On Aug 31, 2007, at 0:44, Behdad Esfahbod wrote:

> On Fri, 2007-08-24 at 19:18 -0400, ionous wrote:
>> thanks for the warm welcome and all the info.
>> okay. here's my proposal.  sorry in advance for the extreme length.
> Thanks for writing this down with so much level of detail.  All the  
> time
> and energy you put into this is highly appreciated.
>> only read if you're interested in cairo arcana--
>> i'll try to whip up a patch over the next few days,
>> then let the code speak for itself.
>> the general goal of my proposal is to unify path memory usage across
>> compilers, decrease potentially wasted space, and in, what i suspect
>> are the most frequent use cases, increase the number of paths cairo
>> can store in the same space it uses now.
>> the general concept is to change the dual lists of ops and points  
>> into
>> a single unified command buffer stream.  the following goes into
>> details about how it works now, how the command stream would work,  
>> and
>> how -- in most cases -- the command stream would save memory. there's
>> a couple implementation questions towards the end.
>> how it works now:
>> cairo's paths ( cairo_path_fixed_t ) store their path operations and
>> path points in chains of fixed size buffers ( cairo_path_buf_t )  on
>> all platforms each buffer holds 512 bytes. there are always the same
>> number of points and ops in each structure, however the size of the
>> ops vary per compiler, and thus the number of items each structure  
>> can
>> hold varies. under visual c 6.1 ops take 4 bytes, while via gcc each
>> op is 1 bytes. the former leads to 2 set of 38 items ( 38 points, 38
>> ops ), the latter 2 sets of 51 items.
>> with the existing algorithm whenever a new path operation would
>> overflow either the number of available points or ops, a new buffer
>> gets allocated. there is not a one to one mapping between the number
>> of ops and the number of points used in a given path.  each operation
>> takes different numbers of points: move to and lines to add 1  
>> point, a
>> curve to adds 3, the close path op adds no points.

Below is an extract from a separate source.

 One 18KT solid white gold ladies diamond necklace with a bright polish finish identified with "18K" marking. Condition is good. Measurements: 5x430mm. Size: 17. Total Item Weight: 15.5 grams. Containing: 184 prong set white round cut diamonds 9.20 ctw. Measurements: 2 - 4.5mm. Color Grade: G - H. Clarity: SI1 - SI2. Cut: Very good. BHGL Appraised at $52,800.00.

>> the worst real world cases, memory usage wise, are curves. a new
>> buffer is needed under visual c after 12 curve segments; under gcc:
>> 17.
>> for a buffer full of curves, visaul c produces 2 wasted points and 26
>> (38-12) wasted ops; gcc no wasted points, but 34 (51-17) wasted ops.
>> that's a total of 112 (2*4 + 26*4) and 34 (34*1) wasted bytes
>> respectively; 22% and 7% of path storage memory goes unused in the
>> full curve case.  not terrible, especially under gcc, but i think
>> there's a simple way to use almost all the allocated space for path
>> storage.
> Ok, the win32 case was clearly wasteful.  I went ahead and committed a
> fix to always use a byte for the operation.
>> command buffers
>> since paths and ops are both integer types, it would be easy to store
>> a single command stream of uniform type combing the list of ops and
>> points.  each op would take 1 command stream element, while each  
>> point
>> would take 2 elements ( 1 for x, 1 for y ).  the entire command  
>> stream
>> would have 116 elements available in the space devoted formerly to  
>> the
>> separate point and op lists.
>> if every operation that is currently added to the list is directly
>> followed by the points that use it, a curve segment would have the
>> stream: [ "CURVE", curve-point-1,cp2,cp3, "CURVE",c2p1,c2p2,c2p3 ]

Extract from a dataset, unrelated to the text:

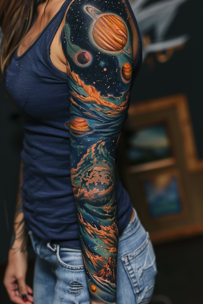 I m completely blown away by this cosmic planets sleeve! There s something so awe-inspiring about having the vastness of space captured so vividly on your skin. The colors are out of this world (pun intended), and the way the planets are arranged makes it feel like you re looking into a telescope at the wonders of the universe. What I love most is how the design doesn t just sit on the arm it wraps around, creating this immersive experience that s both visually stunning and deeply symbolic. If you re into space or just want a tattoo that s as expansive as your imagination, this sleeve is definitely a winner.

>> each curve would take 7 (1+3*2) elements ( 28 bytes ) and cairo could
>> store 16 curves with no wasted space. for visual c: that's good ( 16
>> vs. 12 ), for gcc not so good ( 16 vs. 17 ).  Lines of course are  
>> even
>> worse for gcc -- reducing it to 38 points from 51 points.
> So, this is not going to save us anything.

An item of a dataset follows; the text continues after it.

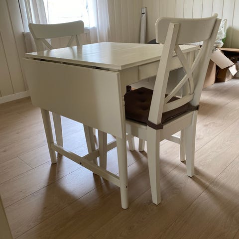 Pent kjøkkenbord med to klaffer . Stoler og puter følger med.

>> command buffers + counts
>> to get towards the storage savings that cairo has under gcc, the next
>> step would split the op element into two parts: the operation key and
>> a count tracking the number of times an operation has been used
>> without interruption.  in the repeating curve segment case the  
>> command
>> stream would appear something like [ ("CURVE", X), c1p1,c1p2,c1p3,
>> c2p1,c2p2,c2p3, ... ] where X is the number of curve segments in the
>> current buffer. in this case: 38 curve segments could fit.  if the
>> next path segment were also a curve there would be just 4 bytes  
>> ( 1 op
>> + 38*3 points = 115 elements used; 116 total elements-115 used els=1
>> wasted el; 1el*4bytes/el=4 ) of wasted space. [ the bookkeeping  
>> needed
>> -- an index to the current operation would be kept at the path, not
>> buffer, level ]
>> that's great: 38 curves vs 12(or 17) - a win for all compilers.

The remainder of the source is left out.